一般社団法人エニワンプロジェクトのプレスリリース
「病気のある人もない人も当たり前に生きられる世の中に」をスローガンに掲げ、難病当事者3名が活動する、一般社団法人エニワンプロジェクト(本社:東京都練馬区、代表理事:狐崎友希)が、性別やルーツ、得意・不得意に関係なく、誰もが同じ場で体を動かし、楽しむことができるインクルーシブなスポーツ体験として2025年12月15日(月)に神奈川県の小学校で、3年生を対象にヨガ授業を実施しました。本取り組みは、単発の実施にとどまらず、「自分らしい生き方」を考えるきっかけとして、全国の小学校・中学校学校での特別授業や、子供向け/親子向けイベントとして広げてまいります。
偏見を超えるヨガ授業 体験レポート
当日は、「偏見を超えるヨガ授業」として、小学3年生の2クラス64名と保護者の方6名が参加し、難病当事者ヨガインストラクターを講師に、性別やルーツ、病気や障がいの有無に関係なく、みんなで一緒に体を動かすことを目的に開催しました。
①講師紹介
エニワンプロジェクト代表理事であり、「エニワンヨガ」代表、全米ヨガアライアンス認定RYT200/RYT300、メディカルヨガインストラクターを取得したヨガインストラクターの狐崎友希が講師を務め、講師紹介の中で、自身が難病発症をきかっけに杖をついて歩くようになってから、ヨガインストラクターになるまでの経験を本音で語りました。

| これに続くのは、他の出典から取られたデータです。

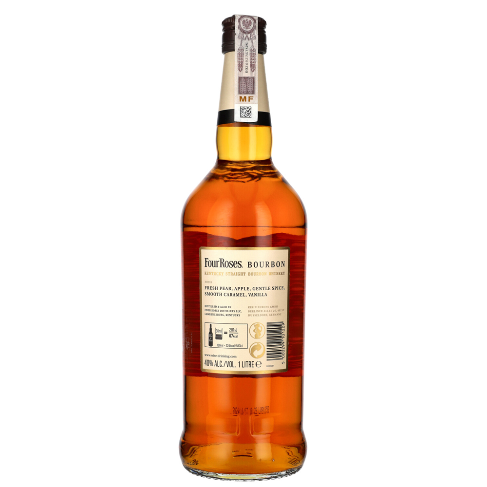 WHISKY BN FOUR ROSES to bourbon o wyjątkowym profilu smakowym, starzony od 5 do 6 lat, który zachwyca swoją przystępnością. idealny wybór dla tych, którzy szukają wyjątkowego bourbonu o eleganckim i wyrafinowanym smaku, który doskonale sprawdza się zarówno w czystej postaci, jak i w koktajlach

「人とちがっていい」「今の自分の体で参加していい」という安心と、人生において困難があっても幸せに生きられるという学びを得ることで、子どもたちが「自分らしい生き方」を考えるきっかけになりました。
実施した小学校の3年学年主任の声
以前の仕事のことや、病気とともに生きてきた経験について語る講師の話に、子どもたちは真剣に耳を傾けていた。学校の授業ではなかなか聞くことのない「仕事」や「病気」の話を、資料を読むのではなく、一人の人の言葉として直接聴く時間。だからこそ、その一つひとつが、まっすぐ子どもたちの心に届いていたのだと思う。そばで話を聞こうと、自然と駆け寄っていく子どもたちの姿が、その真剣さを何よりも物語っていました。
②ヨガ体験
座る・四つん這いなど多様な姿勢で行えるヨガを通し、「勝ち負け」「人と比べる」ことから離れ、自分の体と心に意識を向ける時間となりました。

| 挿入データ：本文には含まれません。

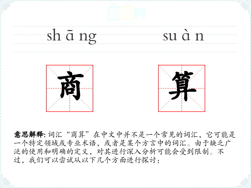 词汇“商算”在中文中并不是一个常见的词汇,它可能是一个特定领域或专业术语,或者是某个方言中的词汇。由于缺乏广泛的使用和明确的定义,对其进行深入分析可能会受到限制。不过,我们可以尝试从以下几个方面进行探讨:

動物名のついたポーズを使ったクイズや遊びを取り入れ、運動が苦手な子でも自然に体を動かしたくなるヨガ体験で、「競い合うものだけがスポーツではない」という気付きが得られ、子どもたちからは、「できなくても楽しかった」「みんなで一緒にできたから楽しかった」という声が多く聞かれました。
実施した小学校の3年学年主任の声
最初は「ヨガって何?」という様子だった子どもたちも、体を動かすうちに、その面白さや心地よさに少しずつ気づいていった印象です。ゆっくりポーズをとり、保つことの楽しさと難しさを同時に感じながら、「体が柔らかくなった気がする」「気持ちも体も落ち着いた」「心がシーンって静かになった」と声が上がる。学習指導要領が掲げる「自分の心と体と向き合う」というねらいが、自然と実現されているように感じられました。
③グループ対話・振り返り
少人数グループで感想や講師への質問を書き出し、講師が各グループを回りながら対話する時間を設けました。

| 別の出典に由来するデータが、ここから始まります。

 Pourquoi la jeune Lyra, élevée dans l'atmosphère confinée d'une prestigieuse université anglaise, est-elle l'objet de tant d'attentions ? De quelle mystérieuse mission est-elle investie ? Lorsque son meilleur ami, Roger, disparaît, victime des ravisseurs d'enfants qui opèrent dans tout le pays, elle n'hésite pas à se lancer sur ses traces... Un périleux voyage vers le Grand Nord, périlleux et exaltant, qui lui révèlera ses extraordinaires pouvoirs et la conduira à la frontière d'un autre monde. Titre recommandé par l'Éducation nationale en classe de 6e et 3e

体験を共有することで、「そんな感じ方もあるんだ」と互いの違いに気づき、感じ方は人それぞれでいいという気付きが得られました。
子どもたちの感想(抜粋)
-
きつかったけど楽しかった
-
リラックスできた
-
疲れたけど面白かった
-
ヨガをしたら気持ちが落ち着いた・すっきりした
-
体が伸びて気持ちよかった
-
ヨガって何をするのか分かった
-
体が硬くてもできることが分かった
-
みんなで一緒にできたから楽しかった
-
家でもやってみたいと思った
-
木のポーズが楽しかった
-
大人になったらヨガを始めてみたい
子どもたちからの主な質問(要約)
-
なぜヨガを始めたの?どうしてヨガが好きなの?
-
いつからヨガをしているの?どうしてそんなに体が動くの?
-
ヨガをするとどんな気持ち?どんな効果があるの?
-
病気はいつから?どんな病気?
-
どうしてヨガの先生になったの?どうして教えに来たの?
-
ヨガで友だちはできた?
-
なんでそんなに続けられるの?
-
好きな食べ物は?好きな人は?
-
全部のポーズができるの?
-
体はいつ柔らかくなるの?
④ 全体共有・質問タイム
最後に、グループワークで出し合った感想や質問を全体に共有しました。
質問に対しては、講師が1つ1つその場で時間が許す限り応答し、回答しきれなかった質問は、後日返答を動画で撮影したものを学校へ送り、体験を振り返る機会を届けました。
実施した小学校の3年学年主任の声
最後の質問タイムでは、「それ聞いてみたい」と他者の意見に耳を傾ける子どもたちの姿が多く見られた。難しいと思われがちな質問づくりも、授業の流れの中で自然と声が上がり、受け身ではなく自分から聴き、考え、応答するやり取りが生まれていた。講師と子どもたちが互いに向き合いながらつくり上げた、心揺さぶられる授業でした。
正解・不正解のないヨガ体験と、難病当事者との出会いにより、人と比べない、ちがってあたりまえなんだという価値観が得られ、子どもたちへ楽しみながらインクルーシブ教育を取り入れられた結果となりました。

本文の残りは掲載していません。